Staking derivatives and delegation can help here, but they don’t eliminate the fact that direct staking remains a privilege for the few.
In contrast, Cardano’s staking is egalitarian. With no minimum stake required—just a 2 ADA fee ($0.50)—anyone who wants to stake ADA can do so.
No wonder 60% of ADA is staked. To put that in perspective, Polygon has a staking ratio of 38%, while Ethereum fans are excited that theirs has just crossed 20%.
Most importantly, Cardano’s validator hardware requirements are the lowest among major L1s. This table from Messari compares Cardano’s parameters with other L1s.

This makes Cardano one of the least dependent blockchains on centralized hosting solutions like Amazon Web Services (AWS), further boosting its decentralization.
Running validators on hosted servers and relying on a few providers may be convenient, but it’s risky—it makes the blockchain dependent on the whims of a handful of companies and governments. The network also becomes more homogenized, so any issues with cloud providers could affect more validators at once.
Over 17% of Cardano validators choose to self-host—better than other L1s like Avalanche and Solana.

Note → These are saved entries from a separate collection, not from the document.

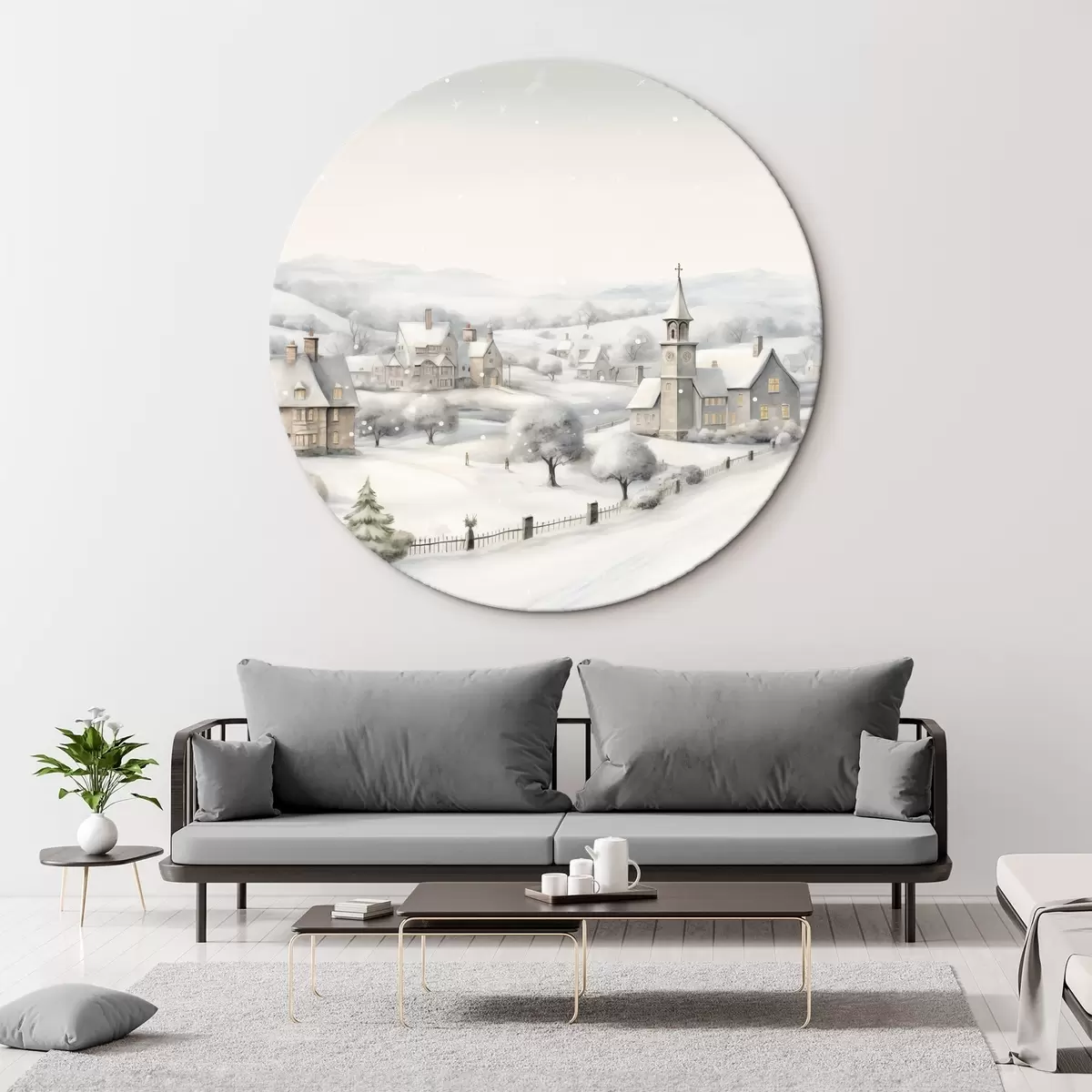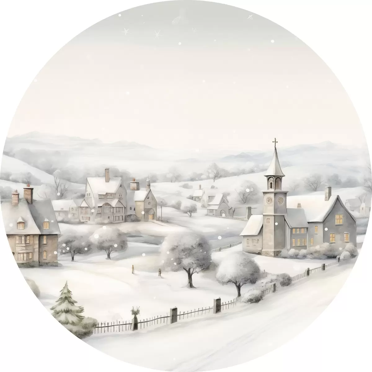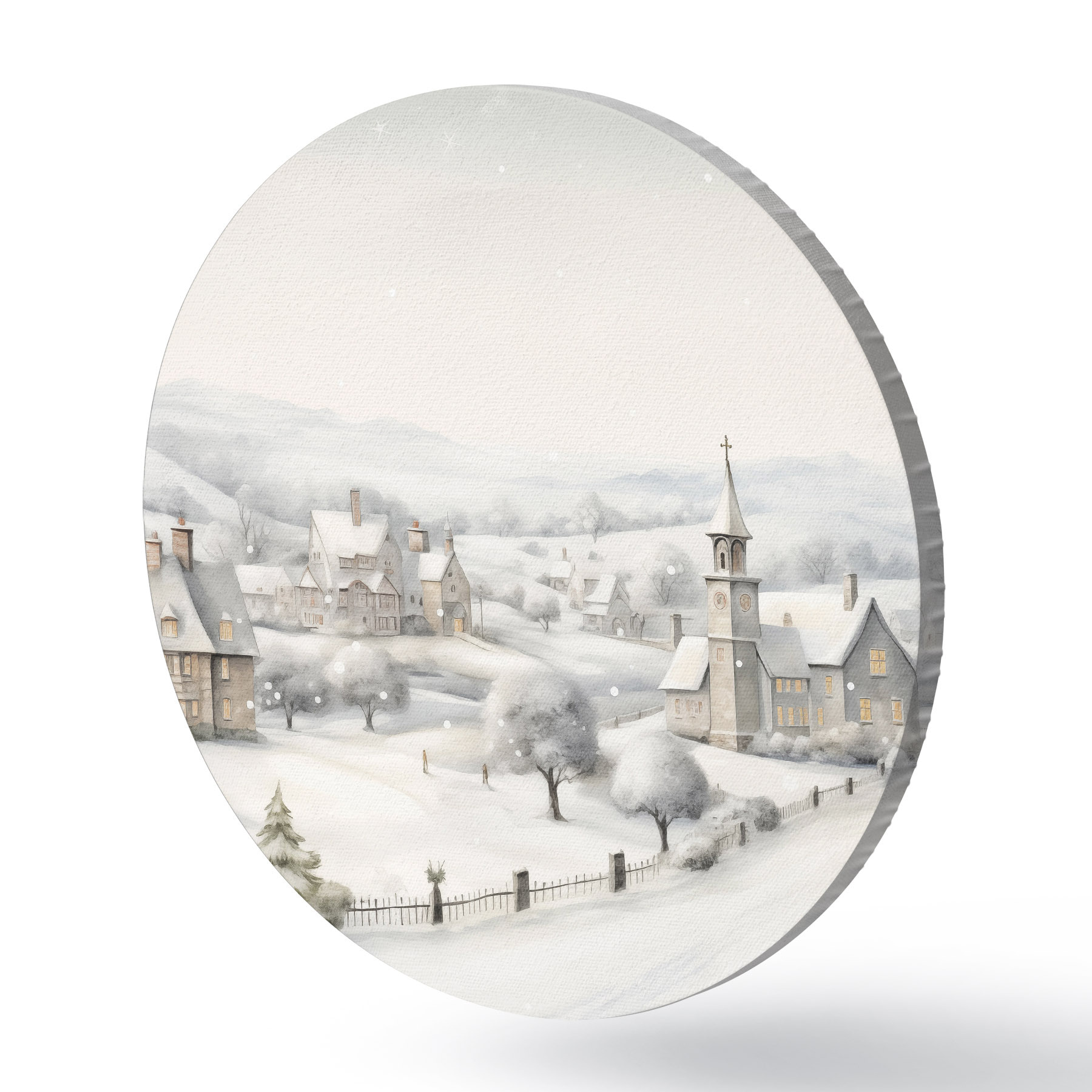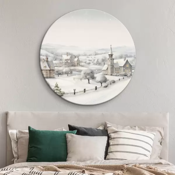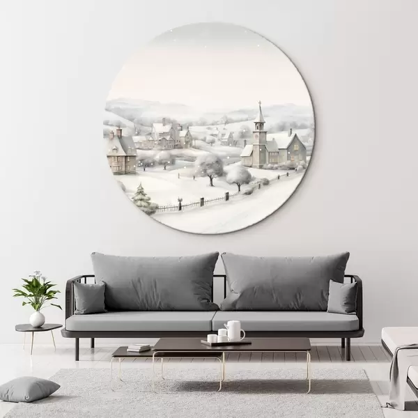 Quadri rotondi Bellissimo villaggio invernale, alberi, case, acquerello, montagne r41382
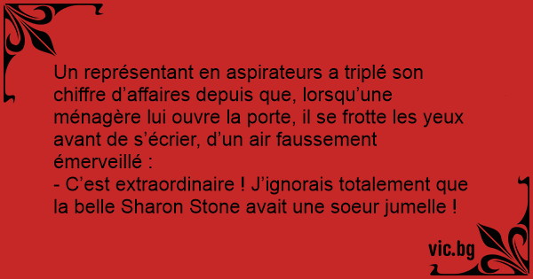 Un représentant en aspirateurs a triplé son chiffre d’affaires depuis que, lorsqu’une ménagère lui ouvre la porte, il se frotte les yeux avant de s’écrier, d’un air faussement émerveillé :
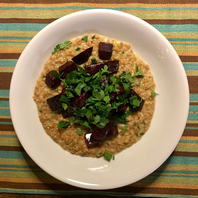 In den letzten Jahren habe ich eine Leidenschaft für rote Bete (oder in der Schweiz: Randen) entwickelt und mittlerweile einige interessante Rezepte hierzu ausprobiert. Ebenso bin ich ein grosser Fan von Risotto, „Gerstotto“ und nun wohl auch „Dinkelotto“…Dieses Dinkel-Risotto mit roter Bete ist schnell zubereitet und eignet sich hervorragend für ein wärmendes, gesundes, vegetarisches „daily dinner“… – ich bin mir nicht mehr ganz sicher, aber ich glaube dies ist ein Rezept der wunderbaren Seite NATURALLY ELLA vor Erin.
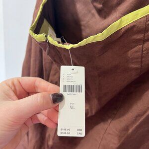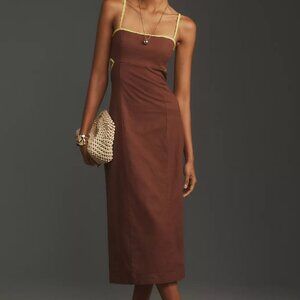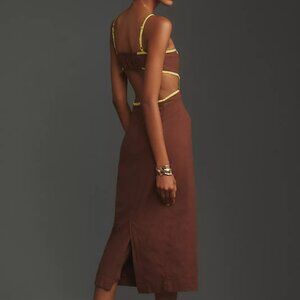 Make a statement in this stunning Maeve by Anthropologie midi dress! With a sleek brown hue and striking chartreuse contrast trim, this dress is both elegant and edgy—perfect for a night out, summer event, or vacation vibes! ☀️🌴
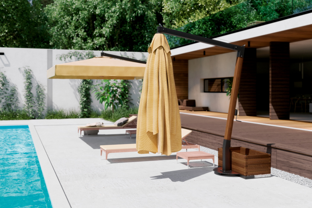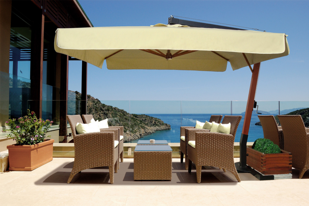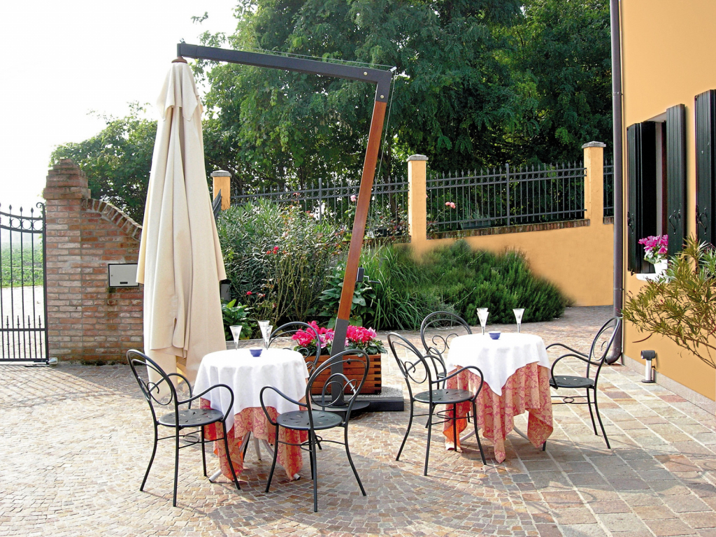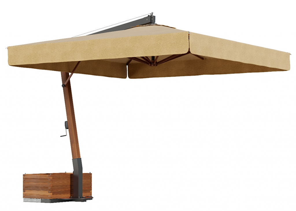Профессиональный уличный зонт Vespucciс боковой опорой, который защитит от палящих лучей или летнего дождя и создаст приятную уютную атмосферу на заднем дворе загородного коттеджа, террасе кафе или ресторана, а также любой другой открытой площадке. Приобретая уличный зонт Vespucci,Вы получаете прекрасный аксессуар для отдыха в солнечную погоду, когда солнечные лучи войдут в фазу активности, Вы будете комфортно себя чувствовать в тени большогосадового зонта. Вертикальная опоравыполнена из дерева ироко с пропиткой, горизонтальная опора - из алюминия,купол может быть выполнен из натурального или окрашенного акрила, Tempotest Para или ПВХ. Благодаря конструкции из дерева и алюминия, а такжепорошковому покрытию, зонт устойчив к коррозии. Все ткани имеют высокую стойкость к выцветанию, что обеспечивает долгий срок службы. Характеристики: Материал каркаса: вертикальная опоравыполнена из дерева ироко с пропиткой, горизонтальная опора - из алюминия, окрашенного в цвет антрацит. Возможный материал купола: натуральный акрил (слоновая кость), окрашенный акрил, Tempotest Para или ПВХ.Более детально рассмотреть материалы и цвета можно впалитрефабрикиOFV. Волан: есть. Виды отделки края волана за дополнительную стоимость: зубчатая, волновая. Металлические детали оцинкованыи окрашены в цвет антрацит. Ветряной клапан: есть. Размер опоры: 92х92 мм. Количество спиц: 8 шт. Размер спиц: 17х35 мм. Спицы выполнены из дерева кото, окрашенного в цвет дерева ироко. Укрепленные спицы между вертикальной опорой и каркасом. Возможность вращения на 360°. Открытие/закрытие зонта: при помощи рукоятки. Стальная база входит в комплект. Утяжелительные плиты 500х500 мм необходимо приобретать отдельно. Дополнительно можно приобрести: Оцинкованнаястальнаяпластина для цементирования или для фиксации к полу, размер: 150х170х3мм. Нескользящая стальнаяпластина для цементирования или для фиксации к полу, размер: 300х300х6+2 мм. Чехол для базы, размер: 560х1070х245 мм. Утяжелительная плита, размер: 500х500х35 мм, вес: 21 кг. Утяжелительная цементная плита с ручками, размер: 500х500х115 мм, вес: 63 кг. Алюминиевый горшок для цветов, размер: 1065х500х355 мм. Горшок для цветов из сосновоой древесины с пропиткой, окрашеннойв цвет дерева ироко. Встроенный комплект светодиодного освещения, включая дистанционное управление (белый свет 4000 K°). Посмотреть технические характеристики. Открытьинструкцию по сборкеVespucci. Для того, чтоб зонт прослужил долго, воспользуйтесьинструкциями по эксплуатации и хранению зонтов. Цена на сайте указана за модель с куполом из Tempotest Para черного цвета. Цены на другие модели Вы можете уточнить у менеджеров.
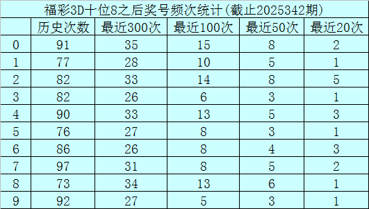 十位杀号:上期十位奖号为8,历史上十位奖号8共出现847期,前100次十位开出奖号8时,其下期0-9奖号频次永别为:奖号0开出15次,2开出14次,4、8开出13次,1开出10次,5、6、7开出8次,3开出6次,9开出5次。
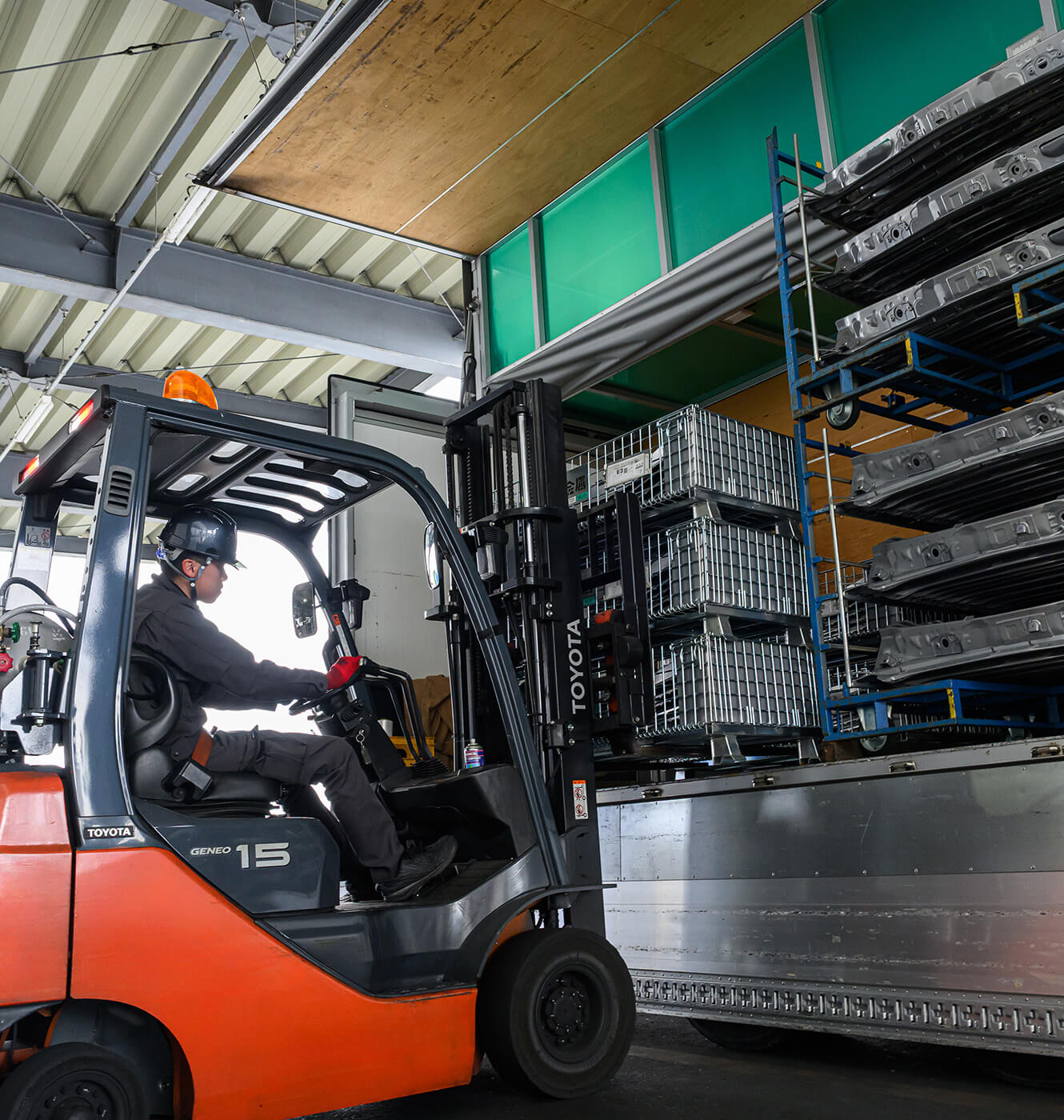 当社は1981年の設立以来、静岡県・磐田市を拠点にした一般区域貨物自動車運送事業を展開。なかでも「工場間部品輸送」に特化しており、大手自動車メーカー様や給湯機器メーカー様の製造部品を生産拠点にお届けする“物流パートナー”として、信頼と実績を重ねてきました。
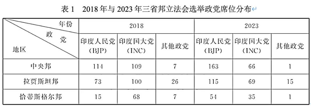 為了進一步説明新晉中產因損失厭惡做出的政治選擇對選舉政治的直接影響,筆者將 2019、2024年兩屆大選前印人黨在中央邦、拉賈斯坦邦和恰蒂斯格爾邦三地立法會選舉的表現及其緣由 進行比較分析。選擇這三邦進行分析的原因為: 一是 這三個邦的立法會選舉既是次年大選前最後的也是最重要的地方邦選舉,也是回顧執政黨政府上一任期表現的絕佳觀測時間點; 二是 這三個邦所在地區位於印地語中心地帶(hindi heartland),該區域傳統上被認為是印人黨穩固的支持者,他們的選擇一定程度上將作為次年大選的風向標; 三是 國大黨及重要的地方政黨在該地區的存在感強且爭奪意願十分強烈,選舉結果的不確定性較高。
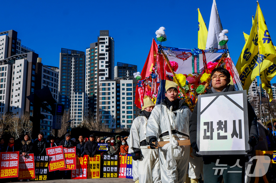 이날 집회는 과천 경마공원 이전 및 해당 부지에 정부가 주택 1만호를 개발한다는 계획에 반대 목소리를 내고자 열렸다. 반대 구호를 외친 집회 참석자들은 '과천시' 글자가 적힌 영정과 상여를 옮기는 퍼포먼스도 펼쳤다.
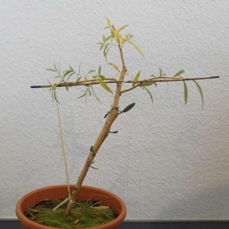 Das horizontale Stöckchen dient dazu, die Zweige runterzubiegen. Sie würden nämlich sonst ziemlich steil nach oben deuten. Die dunklen Blätter am Stamm sind die Misteln. Der Stamm selbst in deutlich dicker geworden, was ja auch in Richtung Bonsai geht. Schräg war der Stamm ohnehin schon, ich muß wohl unachtsam gewesen sein, als ich den Steckling eingepflanzt habe (Mitte).
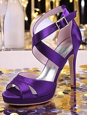 női lila szatén pántos magassarkú – platformos koktélszandál csattal esti bulikra és esküvőkre
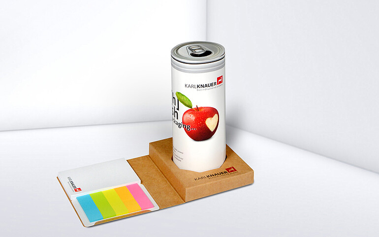 Die täuschend echte Optik macht das hochwertige Büro-Utensil zu einem originellen Hingucker – gefertigt aus nachhaltigem Kartonmaterial. Unter dem Deckel der „Dose“ verbirgt sich ein praktischer Stifteköcher, in dem Kugelschreiber, Scheren und Co. bequem Platz finden. Zusätzlichen Mehrwert bietet das im Set enthaltene Zubehör: ein Ständer für die Dose, der zugleich aus farbenfrohen Markern – wahlweise aus individuell gestaltbarem Papier oder klassischen Markerset in Neonfarben – sowie einem Block mit praktischen Haftnotizen besteht. Wie alle Werbemittel von Karl Knauer lässt sich auch dieser smarte Organizer individuell gestalten. Ob mit einem kreativen Kampagnen-Motiv, einer Grußbotschaft zu einem besonderen Anlass oder im Corporate Design des Unternehmens – bereits ab einer Auflage von 500 Stück ist nahezu alles möglich.
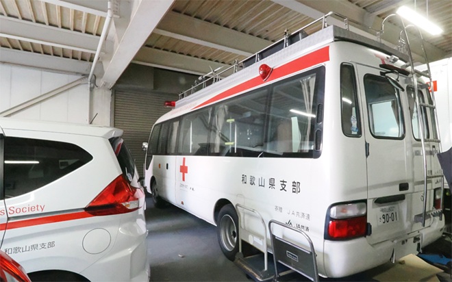 まずは建物1階にある車庫へ! シャッターをガラガラっとオープンすると、赤白お揃いのカラーに塗り分けた和歌山県支部の車両が何台も駐車していました。

One data point reflecting the resilience and persistence of the Cardano team is the growing number of deployed smart contracts—known as Plutus scripts on Cardano—over time.

So here’s where Cardano stands: it’s not dead. It’s alive, active, and preparing to shine in the next bull market. While I can’t predict how ADA will perform or how much activity Cardano will attract, I believe it’s a project worth paying attention to.